Right after tour, I finally had time to finish my manuscript, and while I did so, I took breaks to strum my electric guitar, watch British Bake-Off, wander the red Georgia dirt paths staring at murky puddles, and make ink drawings and strange collages. It was a wildly free and creative time for me. I made these ink drawings and collages in conversation with poetic images from “Odes to Lithium.” I wanted to see what responding to my own poems’ imagery with drawings might illuminate for me about the order of the book, its themes, and perhaps, its secrets that my conscious mind couldn’t be privy to. When the hand moves to draw, at least for me, the thinking mind can rest a bit.

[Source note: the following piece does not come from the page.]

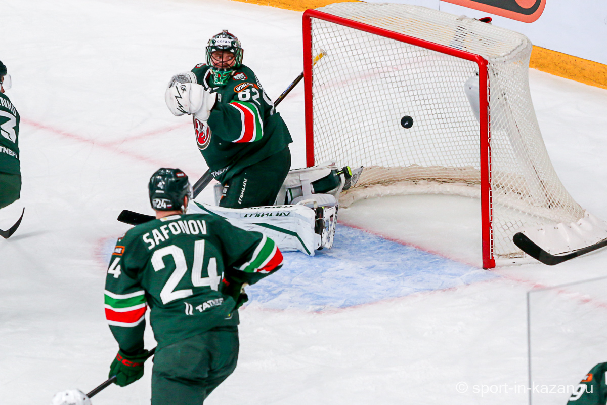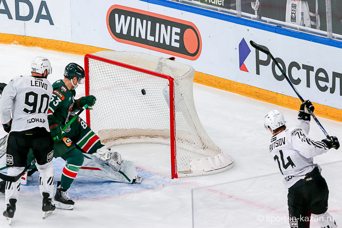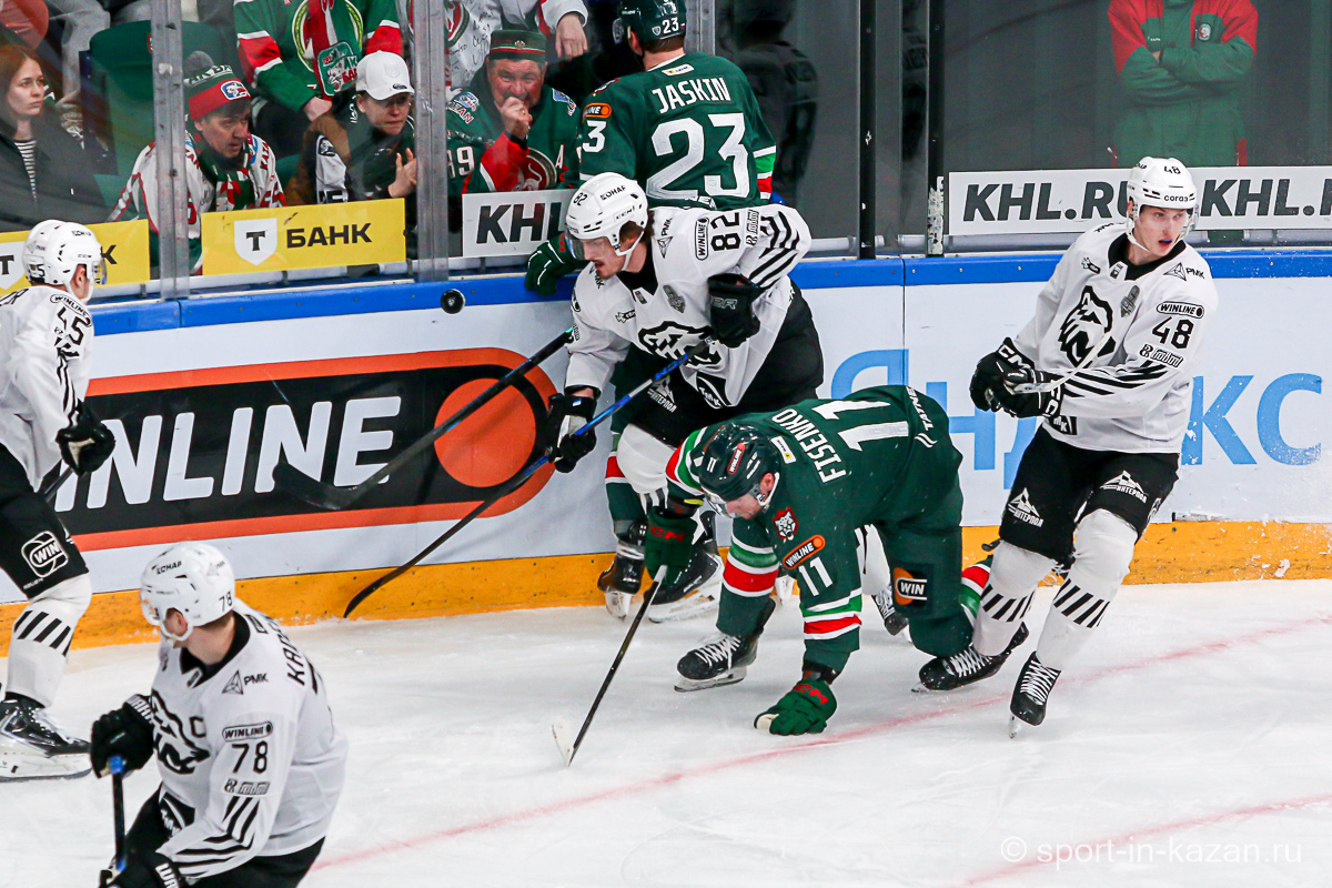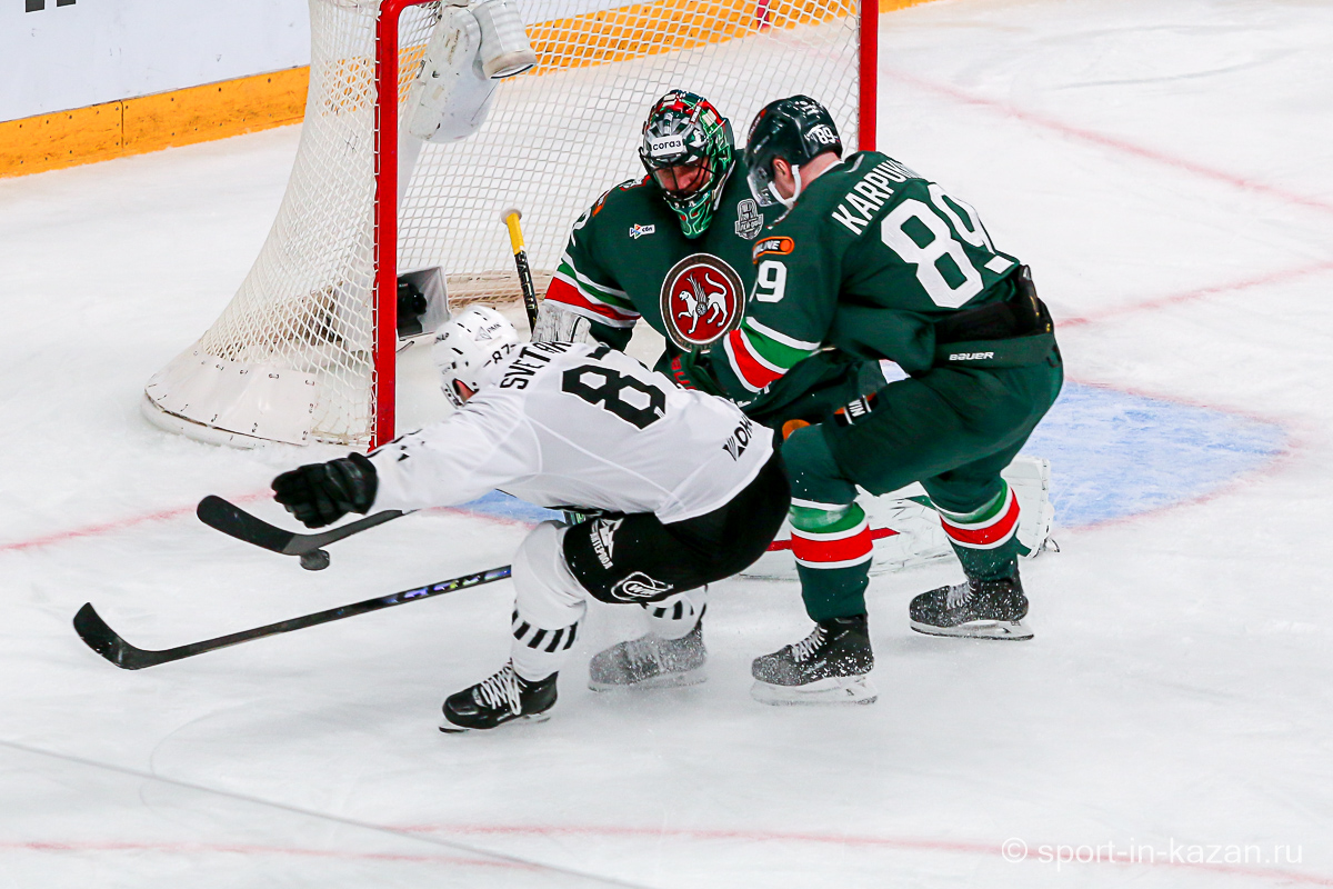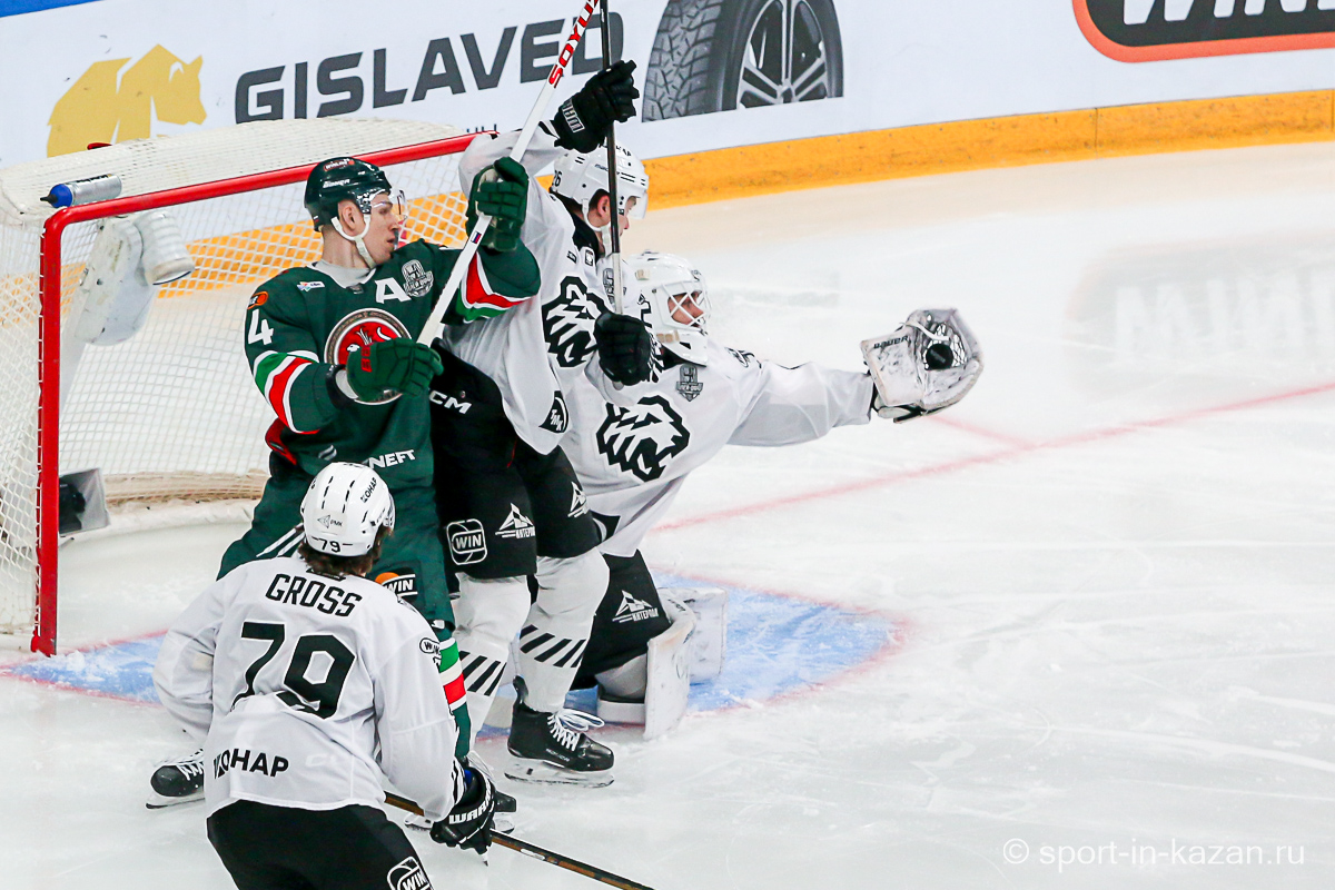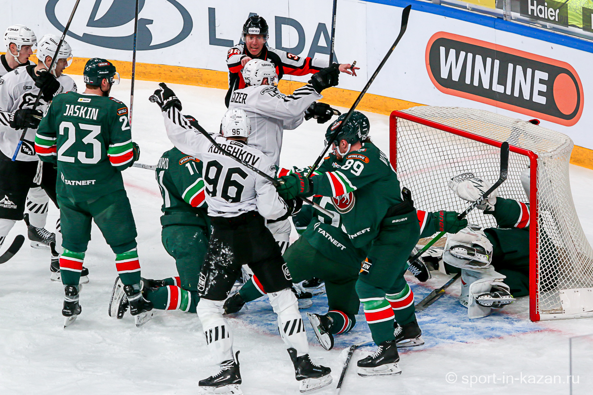 Четвертый период активнее начали хозяева, но затем уральцы отжали себе шайбу и стали буквально возить по зоне подсевших «барсов», периодически обстреливая ворота Билялова. На 68-й минуте уже казанцы ответили своей затяжной осадой владений Николаева, но тоже успеха не добились. Когда период перевалил экватор с трибун понеслось дружное скандирование «Шайбу! Шайбу!» и, надо признать, на четвертом часу игры трибуны эти изрядно опустели. На 72-й минуте увлекшиеся нападением хозяева прозевали чистый выход га ворота Джиошвили, но великолепный Билялов оставил партнеров в игре. Далее Билялов совершил еще один чудо-сэйв от Кравцова. Дважды обязан был забивать Кателевский, а в итоге этот нервяк прервал броском с острейшего угла от самого борта Илья Сафонов. По пути шайба задела Барабанова, на счет которого гол и был записан… Победную третью шайбу казанцы забросили, когда играть в четвертом периоде оставалось три минуты и тридцать три секунды… И вот не верь после этого в магию цифр!

GO: At the center of this book is, yes, medication, but also your many relationships: your grandmother, a young summer camp romance, and your mother. Can you talk about these relationships, their importance to you and to the book?

SE: You’ve caught on to something! Centering relationships was a structural choice. The book very purposefully weaves between different types of relationships. Poem to poem, it builds on concentric circles of relationship. At the core is the most intimate relationship, Lithium, as it literally goes into my body. The next outer circle is my self, or rather, my experience of my self. Outside of that is my family, then friendships, then the medical community, extending outward to the greater cultural understanding of mental illness that envelops me.

My question was: How does stigma play out in each concentric circle? How does my relationship to my illness change depending on which circle I’m encased in? I wanted the reader to feel as I do, working my way through the world as someone with mental illness, negotiating concentric private and public spaces where vulnerability and care (or lack of) play out. Instead of the reader ultimately landing on a thesis about the mentally ill experience, I wanted these various relationships — whether with a doctor, or my mother, or my partner — to disturb a steady narrative. If beauty is in the eye of the beholder, so is credibility. To be mentally ill is often to be treated as if you are less, unintelligent, [or] no longer credible. “Odes to Lithium” is my search for self-worth and self-definition within ever-expanding circles of judgment and oppression. The question is pressing. How do I, as someone who has lost her mind, and so her credibility, experience self-worth? Certain recurring figures — my grandmother, my mother, my medication — appear as co-conspirators. They too, have much at stake in this question.